So DB engine rejects it. Even though we know that description is unique, the DB engine doesn’t and rejects. So lets also add the extra unique column to that group syntax:

select name, sum(amount), description from items group by name, description
name,amount, description
food, 60, for eating
car, 170, for driving

This works and the results are still right. This is because now we made groups of rows where both name and description were unqiue. this worked out for us because description and name both were consistent.

We still cant do this for id. If we add id to the group by its going to make 4 unqiue groups as each row has different id's and our results will be wrong, even though we will be able to show id in the select.

So if we must see id, and we can not add it to the group function, then next thing to see it in output would be to use a different aggregate function which can show it.

SELECT array_agg(id), name, sum(amount) FROM items group by name;
array_agg, name, sum
{1,3}, food, 60
{2,4}, car, 170

Now this works as the DB engine is just showing ids of all the rows in the group its aggregating on. So the point here is that as long as you can tell the DB to get a value from accross all the rows in the group, then it will do what you ask. More examples which would work are:

SELECT avg(id), name, sum(amount) FROM items group by name;
SELECT max(id), name, sum(amount) FROM items group by name;
SELECT min(id), name, sum(amount) FROM items group by name;
SELECT sum(id), name, sum(amount) FROM items group by name;
SELECT string_agg(id::varchar, ';'), name, sum(amount) FROM items group by name;

All these work as they go over a number of rows and you are telling the DB how to produce the results accross multuple rows.

An alternate way to get uncollapsed results while using group by

select items.*, foo.sum from items inner join (
select name, sum(amount) from items group by name) as foo on foo.name = items.name
"id","name","amount","sum"
2,"car",20,120
3,"food",50,60
4,"car",100,120
1,"food",10,60

So to sum it up, group-by gave us something in this case the result of an aggregate function accross multiple rows, and it built those multiple rows by dividing all the rows it got in to smaller groups where all rows in each smaller group share a common value for a particular colunn, in our case that column being name. It also took something away from us. It still doesnt show the granularity and detail of each row. We still cant see details of each row like id.

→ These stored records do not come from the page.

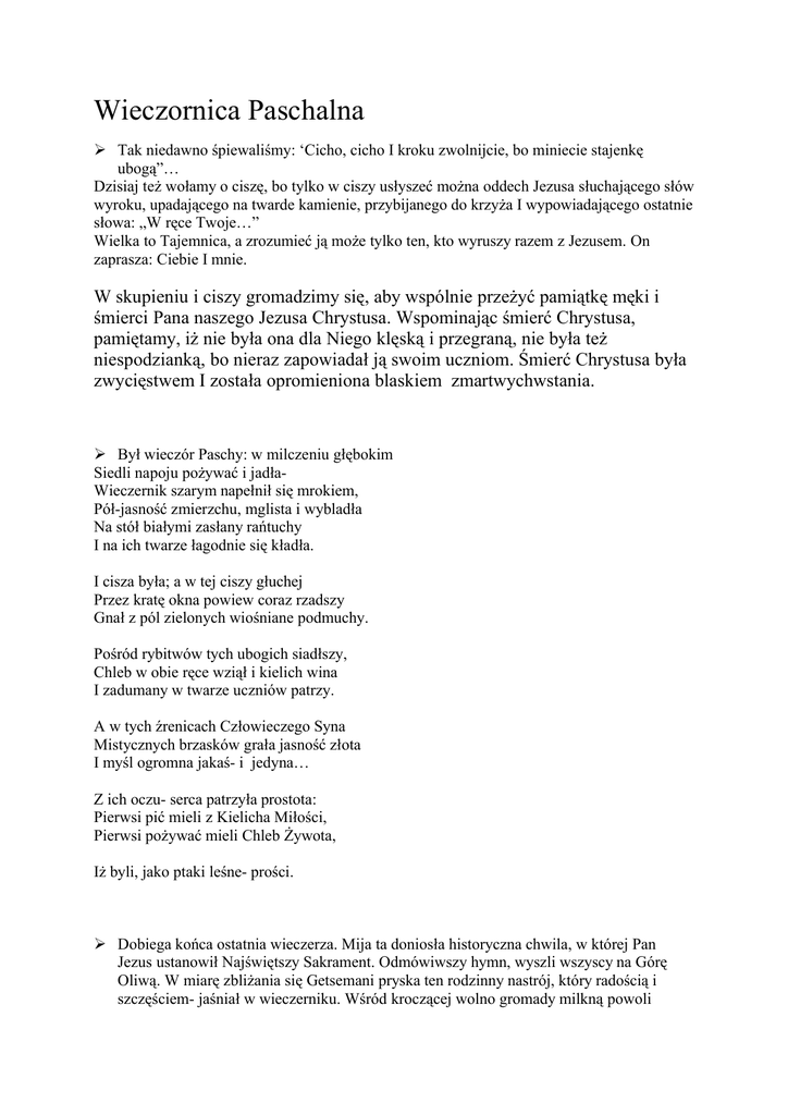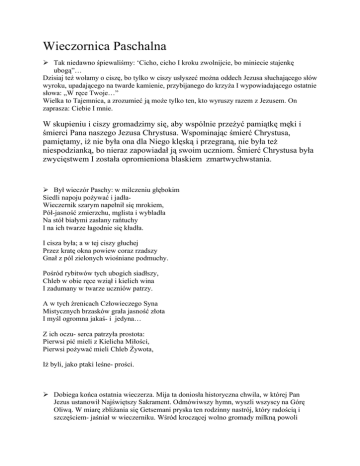 Wieczornica Paschalna Tak niedawno śpiewaliśmy: ‘Cicho, cicho I kroku zwolnijcie, bo miniecie stajenkę ubogą”… Dzisiaj też wołamy o ciszę, bo tylko w ciszy usłyszeć można oddech Jezusa słuchającego słów wyroku, upadającego na twarde kamienie, przybijanego do krzyża I wypowiadającego ostatnie słowa: „W ręce Twoje…” Wielka to Tajemnica, a zrozumieć ją może tylko ten, kto wyruszy razem z Jezusem. On zaprasza: Ciebie I mnie. W skupieniu i ciszy gromadzimy się, aby wspólnie przeżyć pamiątkę męki i śmierci Pana naszego Jezusa Chrystusa. Wspominając śmierć Chrystusa, pamiętamy, iż nie była ona dla Niego klęską i przegraną, nie była też niespodzianką, bo nieraz zapowiadał ją swoim uczniom. Śmierć Chrystusa była zwycięstwem I została opromieniona blaskiem zmartwychwstania. Był wieczór Paschy: w milczeniu głębokim Siedli napoju pożywać i jadłaWieczernik szarym napełnił się mrokiem, Pół-jasność zmierzchu, mglista i wybladła Na stół białymi zasłany rańtuchy I na ich twarze łagodnie się kładła. I cisza była; a w tej ciszy głuchej Przez kratę okna powiew coraz rzadszy Gnał z pól zielonych wiośniane podmuchy. Pośród rybitwów tych ubogich siadłszy, Chleb w obie ręce wziął i kielich wina I zadumany w twarze uczniów patrzy. A w tych źrenicach Człowieczego Syna Mistycznych brzasków grała jasność złota I myśl ogromna jakaś- i jedyna… Z ich oczu- serca patrzyła prostota: Pierwsi pić mieli z Kielicha Miłości, Pierwsi pożywać mieli Chleb Żywota, Iż byli, jako ptaki leśne- prości. Dobiega końca ostatnia wieczerza. Mija ta doniosła historyczna chwila, w której Pan Jezus ustanowił Najświętszy Sakrament. Odmówiwszy hymn, wyszli wszyscy na Górę Oliwą. W miarę zbliżania się Getsemani pryska ten rodzinny nastrój, który radością i szczęściem- jaśniał w wieczerniku. Wśród kroczącej wolno gromady milkną powoli słowa, cichnie głośny śmiech, zanika uśmiech. Jakieś dziwne zaniepokojenie wkrada się w szeregi wędrowców. Nawet uczniowie Jezusa tak niedawno jeszcze weseli, tak pełni życia idą zamyśleni, poważni. Jakby przeczuwali, że oto kroczą obok Chrystusa po raz ostatni. Czują podświadomie tragiczny splot wydarzeń, ową bolesną chwilę, która rozłączy ich z ukochanym Mistrzem. Jakaś bolesna obawa każe im skupić się w okół Chrystusa i jeszcze przez moment cieszyć się Jego bliskością. Wśród zapadających ciemności doszli wszyscy do ogrodu Getsemani. U jego wejścia Pan Jezus zostawił apostołów I zabrawszy ze sobą Piotra, Jakuba i Jana odszedł by się pomodlić. Śpiew: „O Getsemani” „Zostańcie tu i czuwajcie” mówi Jezus do wybranych uczniów a sam oddala się nieco na ustronne miejsce, pada na twarz i zanosi gorącą modlitwę do Ojca. Jakże nam trudno rozpoznać w tym leżącym w prochu ziemi Chrystusa Tego, który jeszcze tak niedawno kroczył po palestyńskiej ziemi spokojny i pełen majestatu. Jeszcze tak niedawno umacniał i pocieszał wszystkich, jednym słowem przywracał dookoła siebie spokój, odwracał od ludzi choroby i klęski, zażegnywał burze i śmierć. A teraz? Teraz Bóg-Człowiek leży w prochu ziemi. Patrzy w pełne grozy oblicze zbliżającego się cierpienia bardziej niż kiedykolwiek nam bliski- boi się. „Ojcze- jeśli być może niechaj odejdzie ode mnie ten kielich”. Kanon: „Zostań tu i ze mną się módl, razem czuwajmy” „Nadeszła godzina. Oto Syn Człowieczy będzie wydany w ręce grzeszników. Pójdźmy. Blisko jest ten, który mnie wyda”. Zbudziwszy śpiących apostołów wychodzi Jezus na spotkanie z tymi, którzy mają go pojmać. Jest spokojny. Żadnym gestem, żadnym słowem nie zdradza tego co za chwilę ma nastąpić. Stanęli na przeciwko siebie. Jezus i Judasz. Narzędzie Boga i narzędzie szatana. Judasz Ja także jestem objawieniem Beze mnie Nie wiedzielibyście tyle O nim i o sobie Zdradzając zdradzasz siebie Do tego potrzebna jest Jakaś imitacja miłości Np. pocałunek. Skrępowanego Chrystusa zawiedli wśród hałaśliwej radości i triumfu do Annasza. Jednak przesłuchanie nie dało upragnionego rezultatu. Była już północ, gdy Chrystus stanął przed wielką radą u Kajfasza. I znów pytania, fałszywe zeznania, sąd. „Czy Ty jesteś Chrystus- Syn Boga żywego?” – „Jam jest”. Faryzeusze odnieśli zwycięstwo- mieli bluźniercę. Teraz już tylko decydująca o życiu lub śmierci rozmowa z Piłatem.- „Czyś Ty jest królem?” „Tyś powiedział. Jam się na to narodził I na to przyszedłem na świat, aby dać świadectwo prawdzie”. „Cóż to jest prawda?!” Oto Człowiek Wizerunek boży Odtrącony, upokorzony, wyśmiany, Wysmagany rózgami, przebrany za błazna Król malowany krwią Wydany na urągowisko Ostatni pośród ostatnich Skazaniec Oto nasz Bóg. śpiew: „Ludu mój ludu cóżem ci uczynił” Stopy- stopy- piachy- kamieńNie prostujesz ramion bo- krzyż … W górę- w dół- słonecznym żarem: Stopy, Błękit, Kamienie, Żwir, Czoło zdarte broczy we krwiZnów do piersi przypadła ziemiaTęcza w kroplach potu znad brwi I kamienie o twarz, kamienie… Idziesz Panie, płonący strzęp, Ponad tobą sztandar błękitny… Krzyż i lazur- kamienne zboczeZiemia pełnią twarz upadła, Ryżym piachem sypnęła w oczy, Ostrym żwirem czoło rozdarła… Wokół pluskot tysiąca stóp, Poświst przekleństw I szum rozgwaru… Wokół pluskot miliarda stóp Tych, co przeszli, i tych , co przejdą, Tych, co znowu wiodą Cię w grób. Któż mi przyjdzie na pomoc? Rozglądam się wokół: „Oglądałem się, kto by współcierpiał ze mną I nie znalazłem”. Jaki jestem samotny, jaki opuszczony! Nikogo nie ma przy mnie, bo tym, którzy mnie miłują, zamarły serca. Ci zaś, którzy mnie nienawidzą, otworzyli usta swoje. „Powstali na mnie mężowie nieprawi, bez miłosierdzia I szukali, aby mnie zabić. I nie przepuścili mi!” nawet na tw
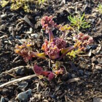 Yaquina Head is a lighthouse sea kale. Sea kale has naturalized at a few beaches along the west coast of the USA, mostly near lighthouses. Preeminant edimentalist Stephen Barstow suggested that sea kale is probably found near lighthouses because they often had gardens in their early years, before the communities around them were well established, and sea kale was well suited to growing in seaside conditions. These populations most likely escaped their gardens in the late 1800s and early 1900s. This variety was established from a cutting taken from a plant growing near the base of the stairs at Yaquina Head, near Newport, Oregon. The light at Yaquina Head was opened in 1873. Sea kale was first reported to grow in that spot in 1915 and I collected a sample a century later in 2015. Thank goodness no one has yet identified it as a foreign invader and tried to eradicate it. Yaquina Head has green stems with a definite blue cast to the leaves. Early growth, which is always the most distinctive phase, is purple with green tips. The plants are large and sprawling when established.
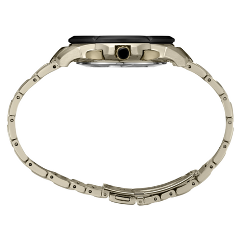 • Grooved gold-tone and black PVD coated fixed bezel
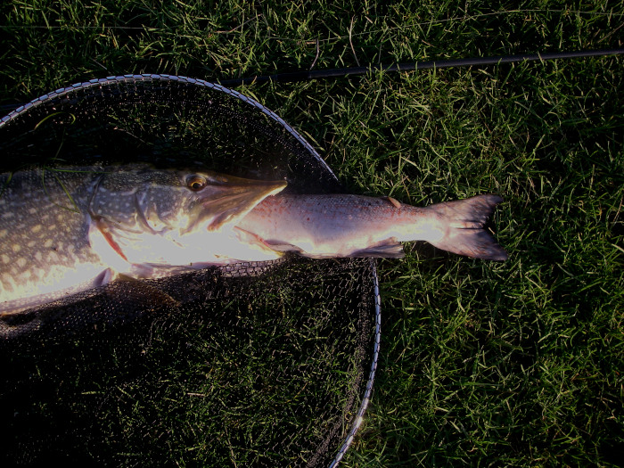 Large pike prefer to eat bigger fish than do their smaller relatives. This one went slightly over-the-top.
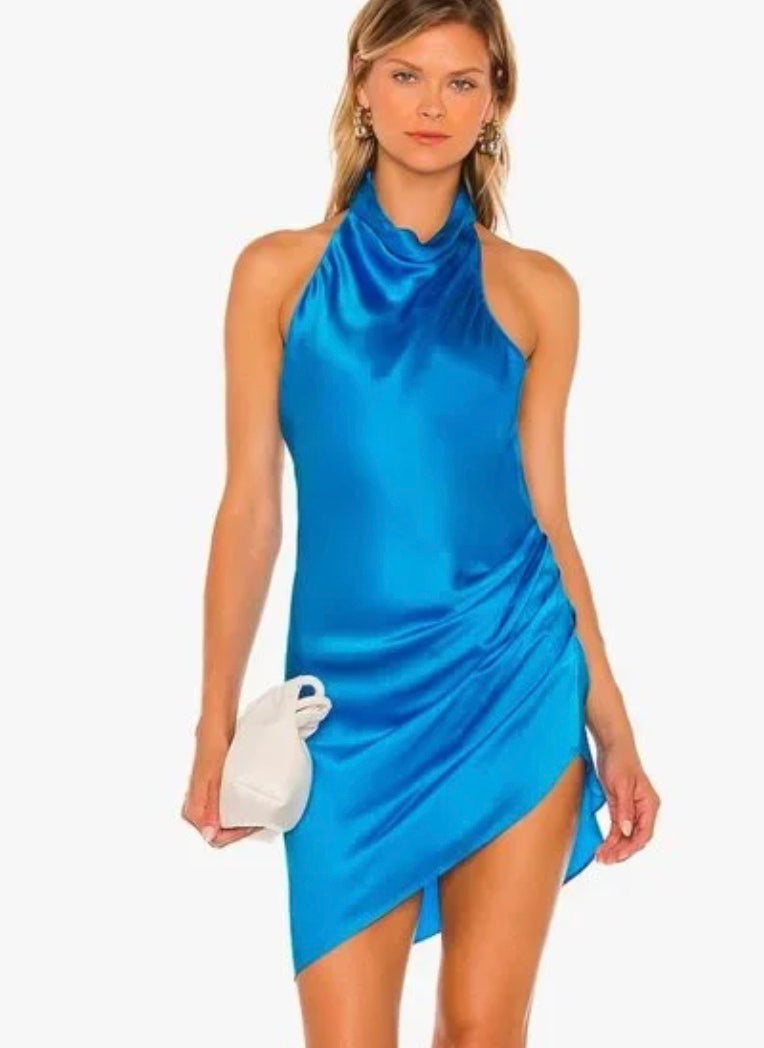 Amanda Uprichard Blue HIgh-Neck Satin Dress, Size XS
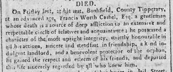 Henry Cashell, of Bushfield, Co.Tipperary
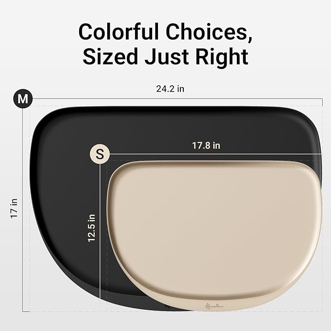 - Available in Two Sizes: Choose from two size options to suit your space and feeding setup. Sized to fit DownyPaws fountains or dog water bowl perfectly, while also compatible with most pet food and water bowls or feeder. (S: 17.8×12.5×0.6 in, M: 24.2×17×0.8 in)
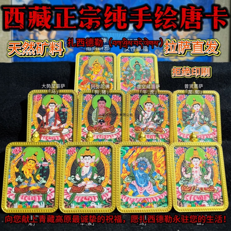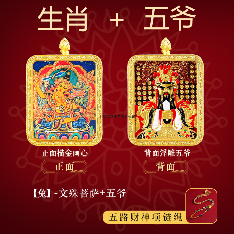 五台山唐カペンダント、五台山文殊菩薩、普賢干支、本命仏、チベット両面手描き仏陀ネックレス

For the official defination:

The GROUP BY Clause is used to group together those rows in a table that have the same values in all the columns listed.

Intro to Window functions

Okay so finally now we done with pre-reqs and have setup a problem we were unable to easily solve with aggregate function or group by aggregate functions.

Here is our items table

"id","name","amount"
1,"food",10
2,"car",20
3,"food",50
4,"car",100

and we want to see:

  • the total sum accross all rows
  • and total sum accross each category
  • and we want to see all existing item rows

So we still want to get the ids of each row along with these sums we asked for. In other words we have been provided with N rows, we want to have N rows in the output along with 2 extra columns. We dont want to give up any row. I know this sounds greedy, but thats what we want and thats what window functions will help us do.

select *,
sum(amount) over () as total_sum,
sum(amount) over (partition by name) as category_sum
from items;
"id","name","amount","total_sum","category_sum"
2,"car",20,180,120
4,"car",100,180,120
1,"food",10,180,60
3,"food",50,180,60

It looks like we finally got what we were looking for. We gave N rows and got back 4 rows. We got our sums and lost nothing. This is a win-win. This is why we want to learn window functions.

So how did this work?

The first thing, we did is we used the sum aggegate function. This does exactly what you expect. It produces the sum of the amount column, but in this case its followed by an over. This makes it an aggregate window function, rather than just a regular aggregate function. In the over clause we specify how many rows should be considered in the window accross which the aggregate function is to run. So its kinda like group-by, but we are defining the group for each function seperately and calling that the function’s window.

Within the first over() function, we didnt write anything, so that means inlcude all rows in the window frame. This gives us our first column which is the total sum accross all rows.

In our second over() we specify a partition inside the over() function. so now it will create a smaller partition of the rows and the sum function will run over just those rows. The partition-by takes column names and then looks at the current row for values of those columns. Then it goes and finds all rows with the same value for those columns. This process is done for each row. So each row get its own set of partitioned rows bases on each rows value for column - name. Then finally the sum is calculated over these specific rows. This gives us the sum for each category by its name name.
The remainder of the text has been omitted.